Only the pictures should be left out; write out all other data exactly.

Information provided:
_ _ _ _ _ _ _

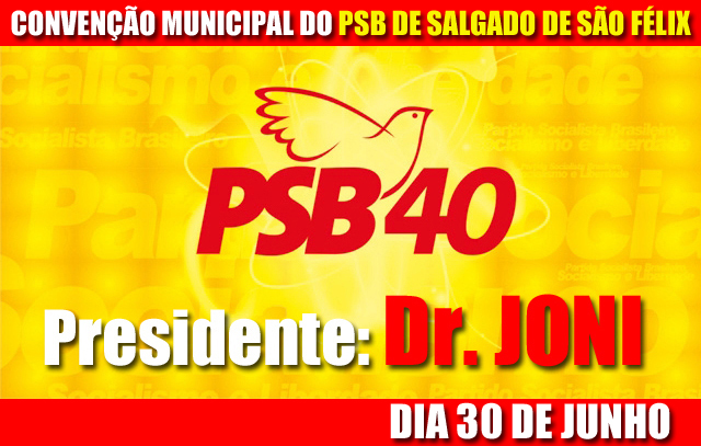 DIA 30 DE JUNHO ÁS 15 HORAS, CONVENÇÃO DO PSB DE SALGADO DE SÃO FÉLIXpor Vavá da Luz20 de junho de 2012 WhatsApp
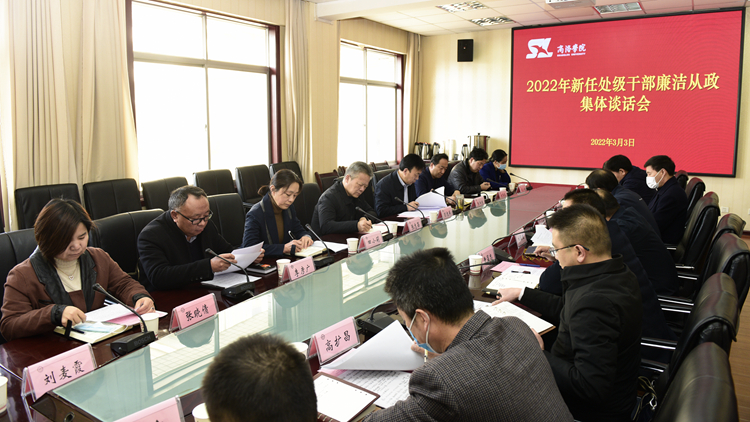 3月3日上午,我校召開2022年新任處級(jí)干部廉潔從政集體談話會(huì)。校黨委書記張志昌出席會(huì)議并講話,黨委副書記彭虎軍主持會(huì)議。紀(jì)委、組織部負(fù)責(zé)人及21名新任處級(jí)干部參加會(huì)議。
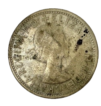 Pre-decimal silver coin valued at two shillings (one-tenth of a pound), featuring the updated 1912 Australian Coat of Arms on the reverse and the young Queen Elizabeth II’s first portrait by Mary Gillick on the obverse.

_ _ _ _ _ _ _

Response area:
 DIA 30 DE JUNHO ÁS 15 HORAS, CONVENÇÃO DO PSB DE SALGADO DE SÃO FÉLIXpor Vavá da Luz20 de junho de 2012 WhatsApp
 3月3日上午,我校召開2022年新任處級(jí)干部廉潔從政集體談話會(huì)。校黨委書記張志昌出席會(huì)議并講話,黨委副書記彭虎軍主持會(huì)議。紀(jì)委、組織部負(fù)責(zé)人及21名新任處級(jí)干部參加會(huì)議。
 Pre-decimal silver coin valued at two shillings (one-tenth of a pound), featuring the updated 1912 Australian Coat of Arms on the reverse and the young Queen Elizabeth II’s first portrait by Mary Gillick on the obverse.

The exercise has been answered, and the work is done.